EXERCISE BRIEF:
Transcribe the entries below exactly, starting with the line that has "Tipizat referat medical" and stopping after the line that has "今日は、西都市立妻中学校の黒"; no pictures belong in the copy.

/---

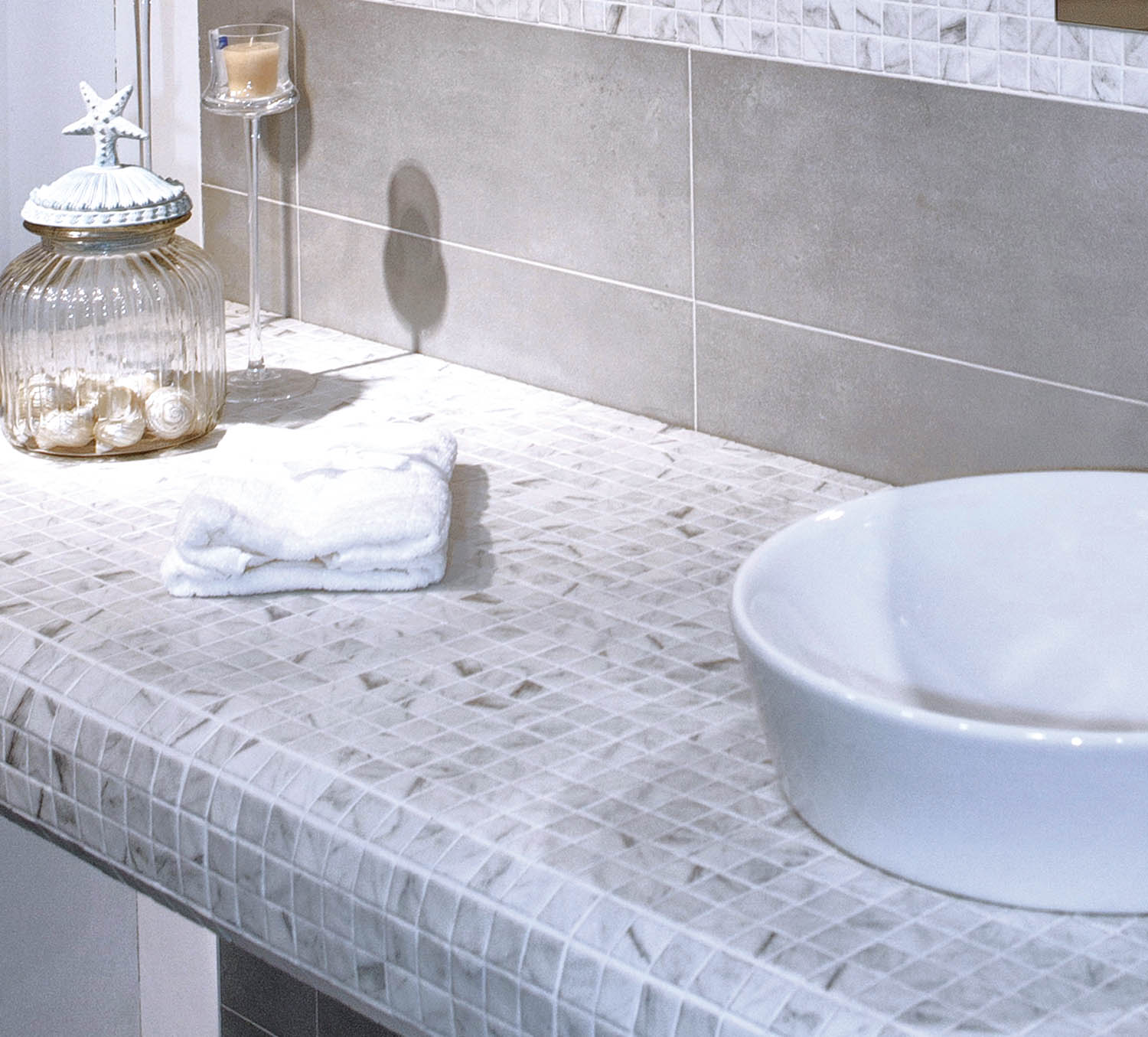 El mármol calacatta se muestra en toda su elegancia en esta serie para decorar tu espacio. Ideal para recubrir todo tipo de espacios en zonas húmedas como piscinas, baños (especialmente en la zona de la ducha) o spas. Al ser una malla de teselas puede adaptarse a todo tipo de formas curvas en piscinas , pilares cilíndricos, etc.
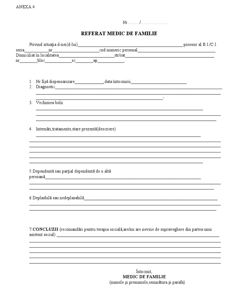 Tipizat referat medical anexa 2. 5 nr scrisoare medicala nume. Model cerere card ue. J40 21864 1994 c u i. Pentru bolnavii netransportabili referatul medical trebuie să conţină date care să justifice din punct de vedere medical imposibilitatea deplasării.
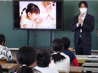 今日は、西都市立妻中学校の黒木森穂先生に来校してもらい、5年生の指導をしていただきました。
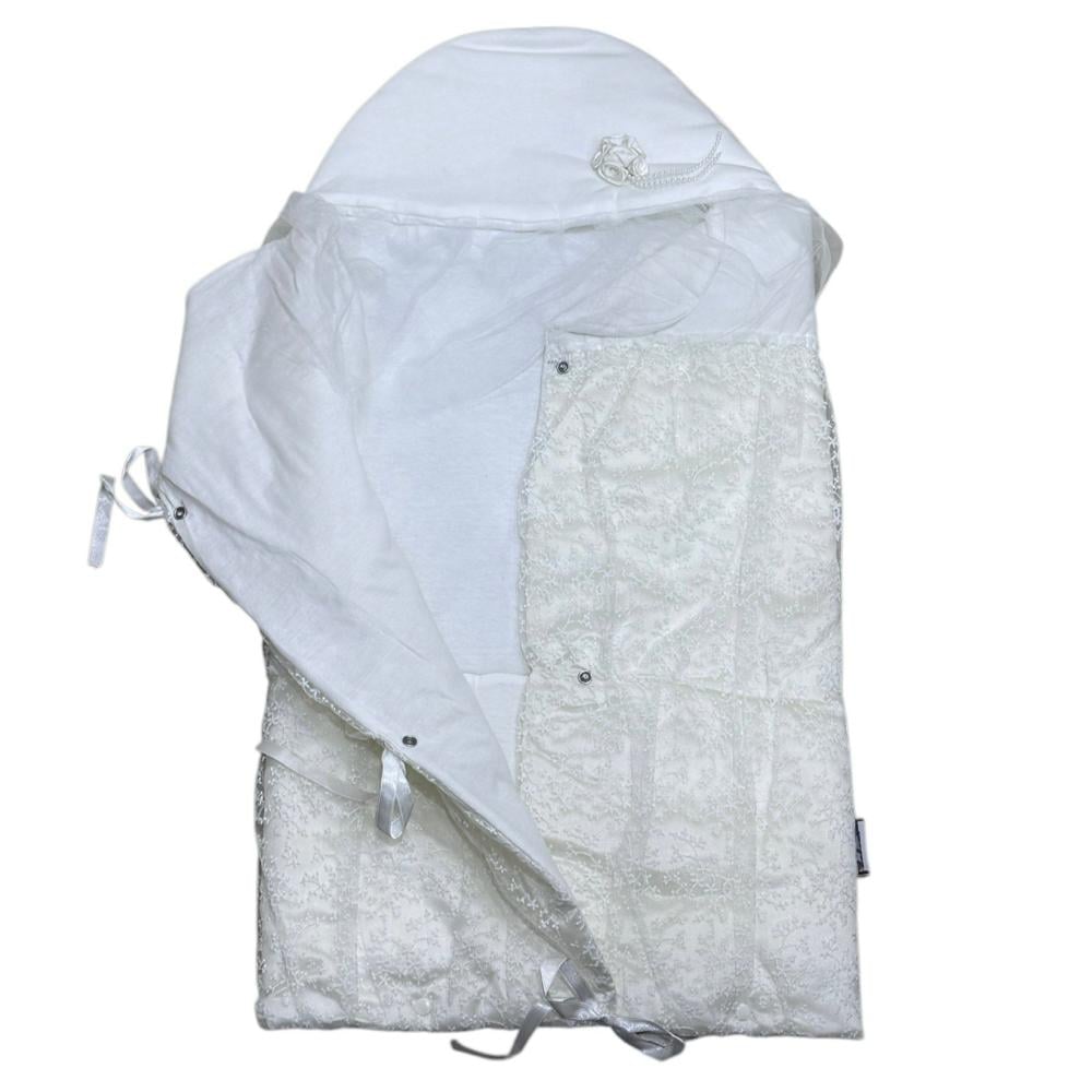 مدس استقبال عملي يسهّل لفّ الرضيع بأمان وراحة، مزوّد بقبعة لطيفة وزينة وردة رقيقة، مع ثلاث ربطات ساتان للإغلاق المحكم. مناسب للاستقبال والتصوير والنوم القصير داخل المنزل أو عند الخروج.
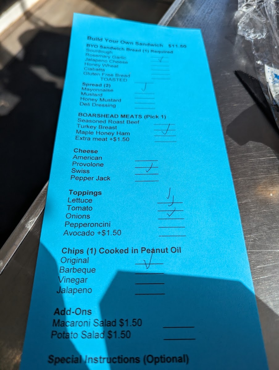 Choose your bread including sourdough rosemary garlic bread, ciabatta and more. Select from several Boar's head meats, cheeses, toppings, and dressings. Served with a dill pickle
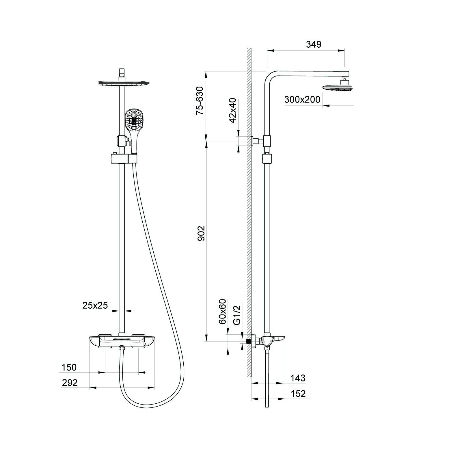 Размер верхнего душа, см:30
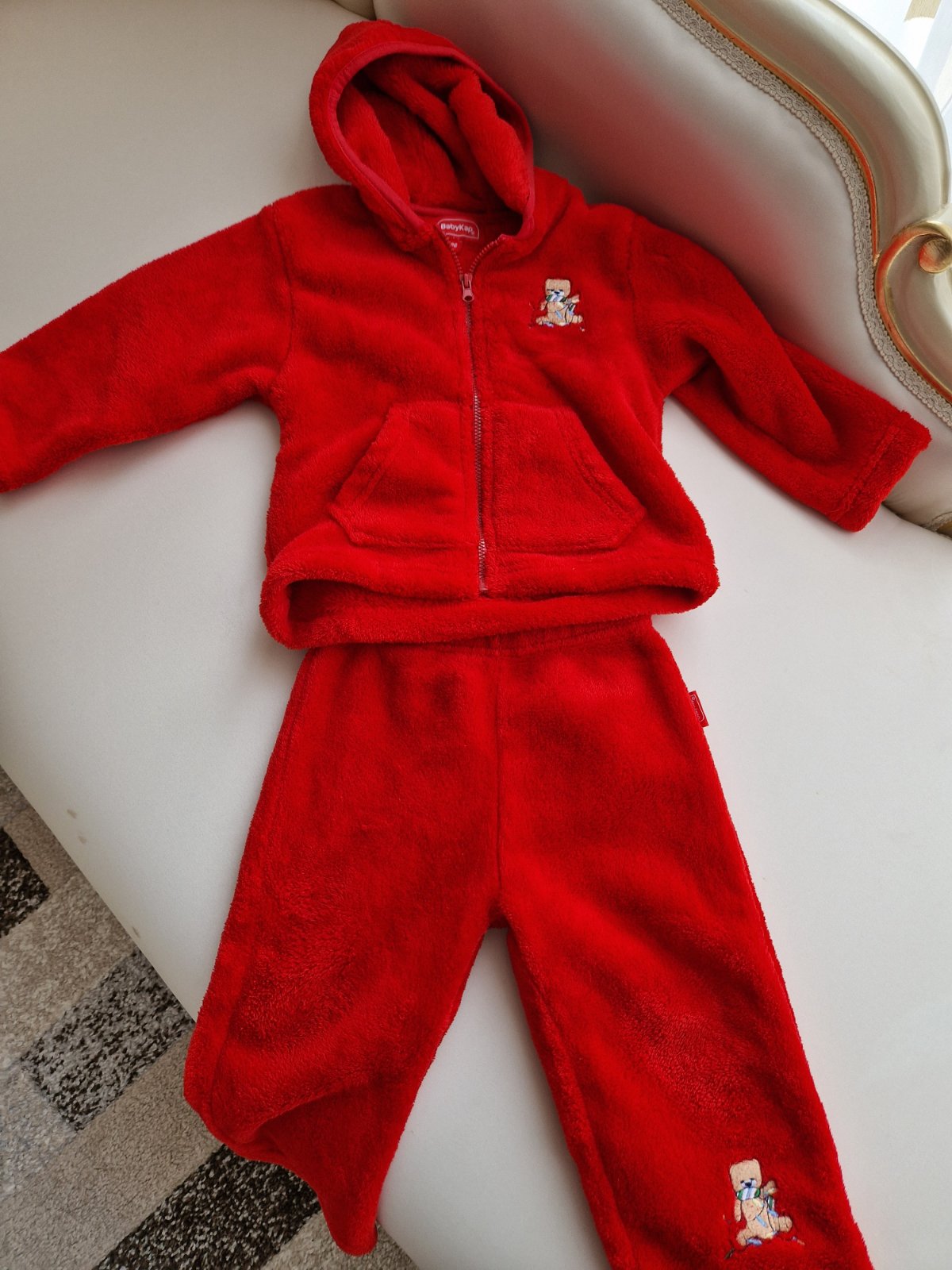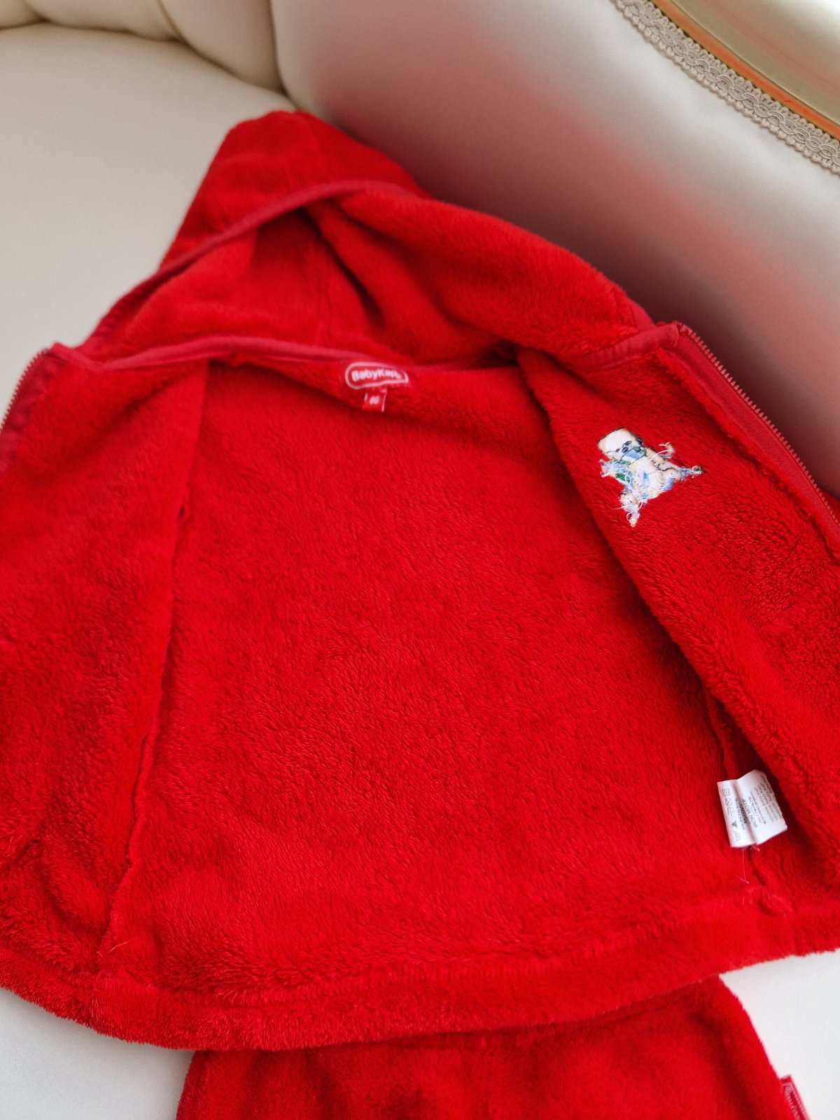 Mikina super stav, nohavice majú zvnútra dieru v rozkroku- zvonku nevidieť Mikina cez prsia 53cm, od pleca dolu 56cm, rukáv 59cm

\---

RESPONSE TO THIS EXERCISE:
 Tipizat referat medical anexa 2. 5 nr scrisoare medicala nume. Model cerere card ue. J40 21864 1994 c u i. Pentru bolnavii netransportabili referatul medical trebuie să conţină date care să justifice din punct de vedere medical imposibilitatea deplasării.
 今日は、西都市立妻中学校の黒木森穂先生に来校してもらい、5年生の指導をしていただきました。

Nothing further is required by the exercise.